OSRAM, mit Hauptsitz in München, ist ein weltweit führendes Hightech-Unternehmen mit einer über 110-jährigen Geschichte. Die überwiegend halbleiterbasierten Produkte ermöglichen verschiedenste Anwendungen von Virtual Reality bis hin zum autonomen Fahren sowie von Smartphones bis zu vernetzten intelligenten Beleuchtungslösungen in Gebäuden und Städten. OSRAM nutzt die unendlichen Möglichkeiten von Licht, um das Leben von Menschen und Gesellschaften zu verbessern. Mit Innovationen von OSRAM werden wir künftig nicht nur besser sehen, sondern auch besser kommunizieren, uns fortbewegen, arbeiten und leben. OSRAM beschäftigte Ende des Geschäftsjahres 2017 (per 30. September) weltweit rund 26.400 Mitarbeiter und erzielte in diesem Geschäftsjahr einen Umsatz von über 4,1 Milliarden Euro. Das Unternehmen ist an den Börsen in Frankfurt am Main und München notiert unter der WKN: LED 400 (Börsenkürzel: OSR). Weitere Informationen finden Sie im Internet unter www.osram.de.

 

ÜBER Continental

Continental entwickelt wegweisende Technologien und Dienste für die nachhaltige und vernetzte Mobilität der Menschen und ihrer Güter. Das 1871 gegründete Technologieunternehmen bietet sichere, effiziente, intelligente und erschwingliche Lösungen für Fahrzeuge, Maschinen, Verkehr und Transport. Continental erzielte 2016 einen Umsatz von 40,5 Milliarden Euro und beschäftigt aktuell mehr als 227.000 Mitarbeiter in 56 Ländern.
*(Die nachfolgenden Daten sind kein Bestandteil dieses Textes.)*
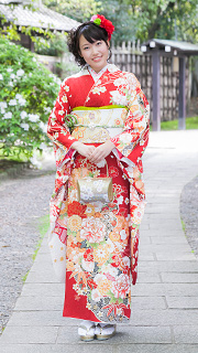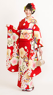 朱赤ベースに大きな白い梅の花、カラフルな鞠が可愛らしい着物です。可愛らしい雰囲気な貴方にピッタリです。お姉さまの結婚式やお友達の結婚式にオススメです。
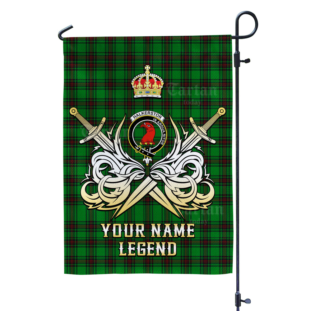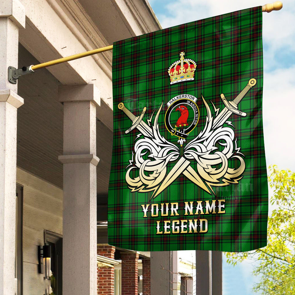 Custom Name Clan Halkerston Tartan Garden Flag with Clan Crest and the Golden Sword of Courageous Legacy NN99

In der Division Interior dreht sich alles um das Informationsmanagement im Fahrzeug und darüber hinaus. Zum Produktspektrum für verschiedene Fahrzeugkategorien gehören Instrumente, Multifunktionsanzeigen und Head-up-Displays, Kontroll- und Steuergeräte, Zugangskontroll- und Reifeninformationssysteme, Radios, Infotainment- und Bediensysteme, Klimabediengeräte, Software , Cockpits sowie Lösungen und Dienste für Telematik und Intelligente Transport Systeme. Interior beschäftigt weltweit über 43.000 Mitarbeiter und erzielte 2016 einen Umsatz von rund 8,3 Milliarden Euro.